The Market Carnage May Not Be Over, but Fund Managers Are Already Buying These Types of Stocks
The worry of the month is that the U.S. is headed for a recession, but several fund managers at this week’s Morningstar Investment Conference said they don’t expect a severe slowdown. They are starting to hunt for bargains in the hard-hit tech sector and among industrial companies.
Kate Moore, head of thematic strategy for BlackRock ’s Global Allocation Team, said at a panel discussion in Chicago that corporate balance sheets and behavior so far don’t suggest a significant decline in economic activity. T. Rowe Price Capital Appreciation manager David Giroux also isn’t too worried about a severe recession, but he says more declines are possible for technology companies that had been selling at lofty valuations without much prospect for profits in the foreseeable future. Those stocks are still expensive, he said.
Giroux is already finding opportunities in other pockets of technology that have also have been beaten up, but have more attractive fundamentals and strong cash flows, including those that can expand revenue three or four times faster than the market but are trading at lows versus the market. Companies he listed include names such as Apple (AAPL), Microsoft (MSFT), and Nvidia (NVDA). Amazon.com (AMZN), for example, is trading for the valuation of its cloud business, Amazon Web Service, giving investors its gigantic retail and ad business free, he said.
Even if there is a recession, Giroux said, that risk is already reflected in select semiconductor stocks, industrial conglomerates, and financials given their declines of 30% or more from their highs.
Both semiconductor manufacturers and industrial conglomerates are better positioned than they often are to raise prices, also making them an attractive hedge against inflation, he said. Waste Connections (WCN.Canada) is a name he listed as a winner in terms of pricing power.

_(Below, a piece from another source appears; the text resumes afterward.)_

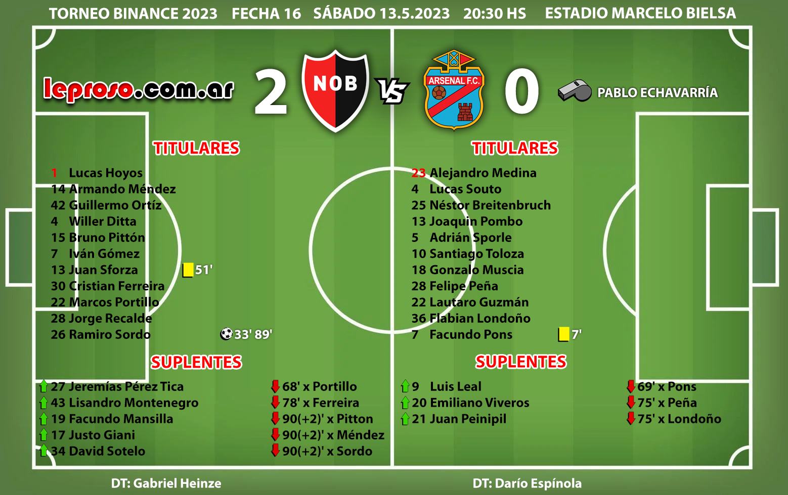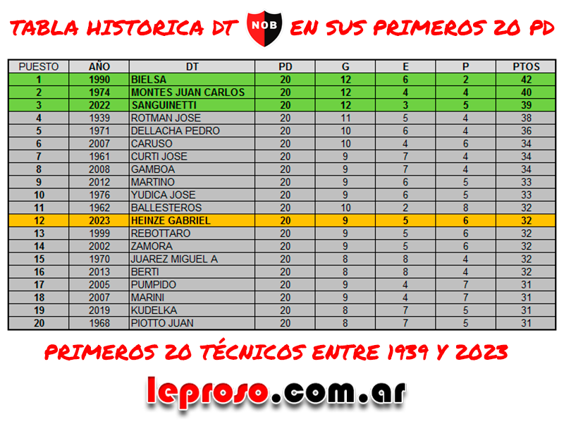 GABRIEL HEINZE : dirigió su 20º partido oficial en Newell's sumando la derrota ante Claypole por Copa Argentina, los 3 triunfos por Copa Sudamericana y las primeras 16 fechas del Torneo Binance 2023, en total 9 victorias, 6 derrotas y 5 empates. En el torneo local Binance 2023, lleva un total de 6 victorias, 5 derrotas y 5 empates con una efectividad del 47,96 %. TABLA COMPARATIVA DT |

BlackRock’s Moore also sees pockets of opportunity in technology, especially software. She favors companies whose valuations are down as much as 40% from the peak but are generating plenty of free cash flow.
Not enough attention is being paid to subsectors of technology like the cloud ecosystem—cloud-computing software companies, but also consulting and others enabling cloud computing—as well as cybersecurity software, she said. Those two categories are areas where chief technology officers “would rather quit their jobs versus their spend” even as they look to cut costs in response to high inflation, she said.
The view from international managers was a little darker. Sammy Simnegar, manager of the Fidelity International Capital Appreciation, sees declining chances of a soft landing for the U.S. economy. The percent of U.S. equities trading above their 20-day moving average—a proxy for breadth, or how broadly supported the market is—is at 29%, he said.
“Narrow markets typically are prescient of an economic slowdown,” he said.
Another pocket of concern is the U.S. housing market, given that median home prices in the U.S. are up from $275,000 in 2019 to $375,000 in 2022, even as mortgage rates have risen from 3% to 5%. Simnegar sees a possible bubble—a reason, he told Barron’s, he sold out of his U.S. housing-related stocks.
More interesting lately are steady growers like Nestlé (NESN.Switzerland), Novo Nordisk (NOVO.B.Denmark) and Sika (SIKA.Switzerland) whose price-earnings ratios have fallen from the mid 30s to a more attractive high 20s, Simnegar said.
Though Moore sees opportunity in high-quality companies trading at some of their cheapest levels, she says highly negative sentiment along with geopolitical and economic uncertainty has kept BlackRock’s $21.6 billion Global Allocation Fund’s cash allocation relatively high at about a quarter.
“Sentiment is bombed out right now,” Moore said. “Generally, you want to lean in, but putting a lot more cash [in now]—we could be stuck in a trading range. I’m not bearish but I’m not in a big rush.”